## Data shown
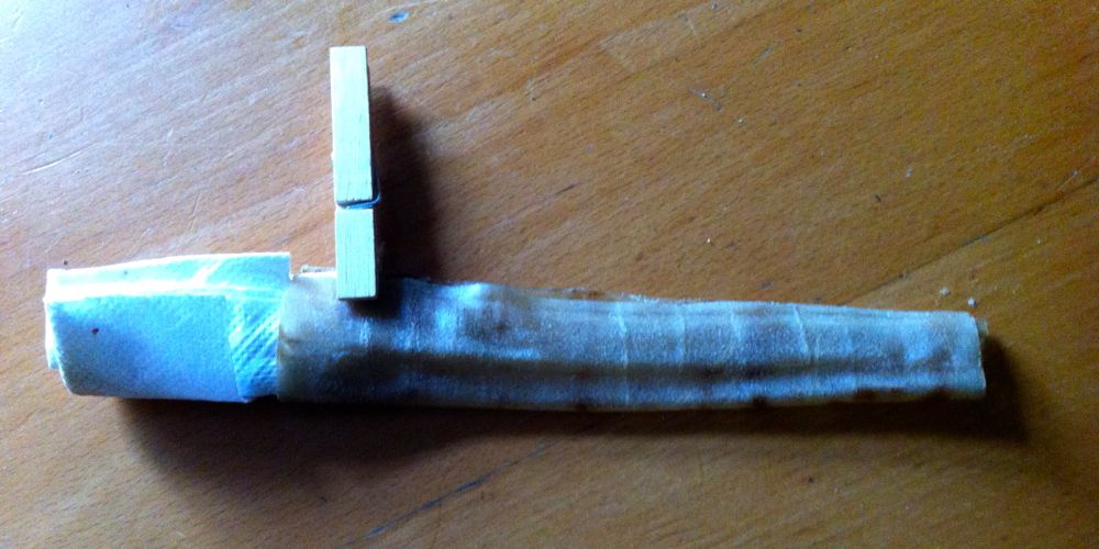 Als erstes wird der Knochen in Wasser eingeweicht. Das dauert einige Stunden aber danach lässte sich die Haut wie Leder bearbeiten. Nur beim schneiden sollte man ein sehr scharfes Messer, Schere oder noch besser ein Skalpell haben. Ich habe das meiste mit der Schere geschnitten. Nach dem aufweichen und grob zuschneiden (Achtung, die Haut schrumpft ein klein wenig beim trocknen) wird sie an die Klinge angeformt und festgemacht. Ich verwende dafür Gummiringe, Wäscheklammern oder wie in dem Fall diese Klammer wie man sie im Bürobedarf kriegt.
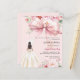 Un élégant arrière - plan rose vif, décoré d'un grand arc rose, de fleurs roses et d'une fille en robe crème. Personnalisez et ajoutez un nom et des détails du parti. 1 feuille = 1 invite imprimé bord à bord.
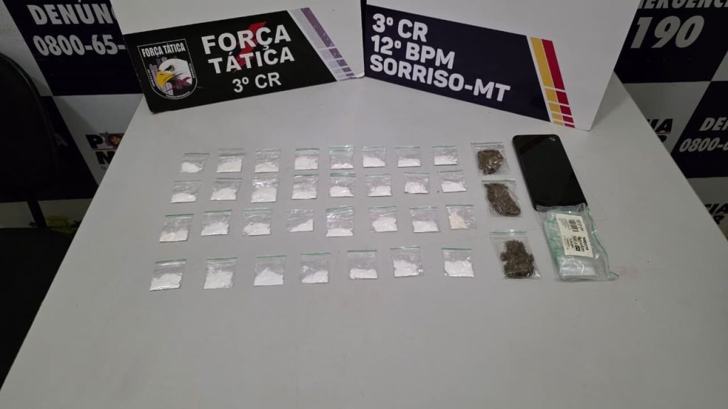 O setor de inteligência da Força Tática tem levantado várias informações sobre pessoas comercializando entorpecentes na cidade de Sorriso e, em um rápido trabalho, as guarnições na rua têm localizado e efetuado a detenção.

## Exercise goal
Apart from its pictures, the data is to be repeated exactly.

## Output below
 Als erstes wird der Knochen in Wasser eingeweicht. Das dauert einige Stunden aber danach lässte sich die Haut wie Leder bearbeiten. Nur beim schneiden sollte man ein sehr scharfes Messer, Schere oder noch besser ein Skalpell haben. Ich habe das meiste mit der Schere geschnitten. Nach dem aufweichen und grob zuschneiden (Achtung, die Haut schrumpft ein klein wenig beim trocknen) wird sie an die Klinge angeformt und festgemacht. Ich verwende dafür Gummiringe, Wäscheklammern oder wie in dem Fall diese Klammer wie man sie im Bürobedarf kriegt.
 Un élégant arrière - plan rose vif, décoré d'un grand arc rose, de fleurs roses et d'une fille en robe crème. Personnalisez et ajoutez un nom et des détails du parti. 1 feuille = 1 invite imprimé bord à bord.
 O setor de inteligência da Força Tática tem levantado várias informações sobre pessoas comercializando entorpecentes na cidade de Sorriso e, em um rápido trabalho, as guarnições na rua têm localizado e efetuado a detenção.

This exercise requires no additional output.